Выбрать главу

В этом свете разговор Ахматовой с Фростом получает особую интерпретацию. Они встретились в Комарове на академической даче, летом. Фрост, глядя в окно, спросил, какую выгоду можно получить, изготовляя из местных сосен карандаши. Ахматова ответила: «У нас за поваленное в дачной местности дерево штраф пятьсот рублей». Иначе говоря, Фрост заявлял: я фермер, я американец, а то, что я поэт, значит для меня не «широкошумные дубровы», прибежища тех, кто «звуков и смятенья полн», а такое утилитарное их качество, что изделием из них можно записывать стихи. На это она говорила что-то вроде: у кельтов за незаконную порубку рощи полагалась смертная казнь, а позднее, взамен ее, корова, а у римлян свинья — не по факту кражи, а потому, что посягали на священную ипостась дерева. Для стихов сосна в качестве оболочки грифеля — годится, для поэзии же — в этом качестве все-таки нет… Я думаю, что как бывшая слушательница юридических курсов она, подхватив предложенный Фростом стиль, так профессионально юридически и могла ему сказать. И я допускаю, что через короткое время она написала: «…сосен розовое тело в закатный час обнажено», чтобы объяснить конкретно, что она имела в виду. Как формулирует Грейвз, «когда сравнительную ценность деревьев можно выразить величиной штрафа за их незаконную порубку, святость рощи сводится к нулю и поэзия приходит в упадок».

Дно любого стихотворения выстлано буквами. Собственно говоря, поэт — жрица, швыряющая палочки прорицания горстью, как сеятель, на белое покрывало, читающая буквы, в которые они сложились, и толкующая их. В конце концов, все равно, чтбо инициировало эти комбинируемые в бесконечных сочетаниях два-три десятка значков быть именно такими: деревья, или планеты, или камни, или реки, или другое что, столь же бесспорное и находящееся вне власти людей. Не все равно то, что всякая их комбинация выходит за границы текстуальной информативности, которую она несет. Как бы далеко алфавит ни ушел от священных первоначал, порядок и весь узор букв подает сигнал, гармоничный или диссонирующий, утверждающий подлинность стихотворения или его фальшивость. Нельзя варить козленка в молоке его матери, хотя практически ничто этому не мешает. Нельзя влезть на пальму в осиннике.

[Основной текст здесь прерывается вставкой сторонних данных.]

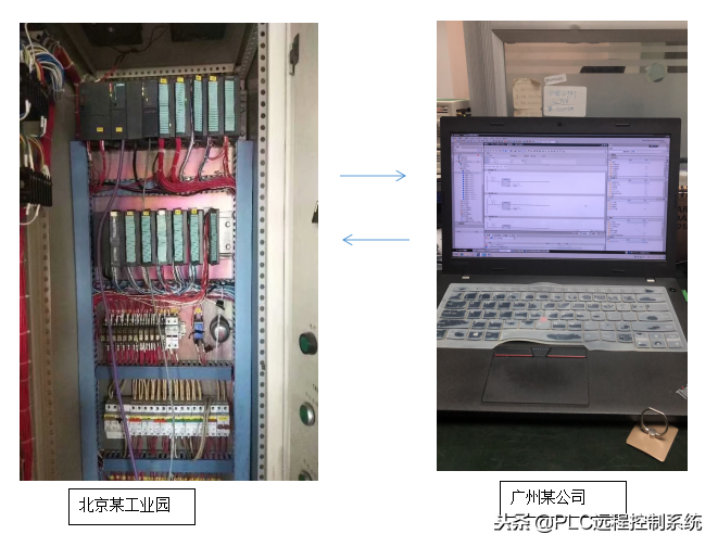 远程上下载PLC程序指的是:工程师没有在项目现场,没有在西门子PLC旁边的时候,想要通过异地远程来上传或下载西门子S7-300的梯形图,如下图(西门子S7-300PLC控制器在北京现场,工程师在广州办公室)。

Не в «метком словце» поэзия, не в афористичности, не в удачной формулировке, привитых нашей поэзии ее советским периодом, а в законе, вложенном музами и богами в буквы. Буквы не помнят о минуте, когда это случилось, как мы о топографии Рая, но мазок пыльцы с цветов, от названий которых они произошли, стерся не до конца. Осталась тень отпечатка с отпечатка с отпечатка. И это дает буквам власть выносить заключение, поэзия ли то, во что они сложились в тексте. То, что по-немецки, у Гейне, — ель, по-русски будет верно, как у Лермонтова: сосна. Приговор алфавита стихам не переводится на язык рецензии, и поэты, разумеется, не сориентированы на комбинацию, которая выходит из-под пера (и уж совсем безумием было бы им заниматься намеренным составлением «правильной» комбинации). Но отдельные среди них, что бы и про что они ни писали: про одноглазого циклопа, спуск в ад, тучную проститутку, чуму, нищих старушек, сероглазого короля, неизвестного солдата, — по общему рисунку видят, каков этот приговор, чутьем разумеют суть заключения. Шестым чувством они воспринимают исходящий от букв сигнал — как пилот, пробегающий глазами не по показаниям приборов, но охватывающий целиком картину приборной доски — благополучную или искаженную. А еще лучше — как пилот, бросающий взгляд на ночное небо за окном кабины и по нечитаемому, хотя и явно что-то неотменимое передающему тексту звезд понимающий, верен ли курс полета.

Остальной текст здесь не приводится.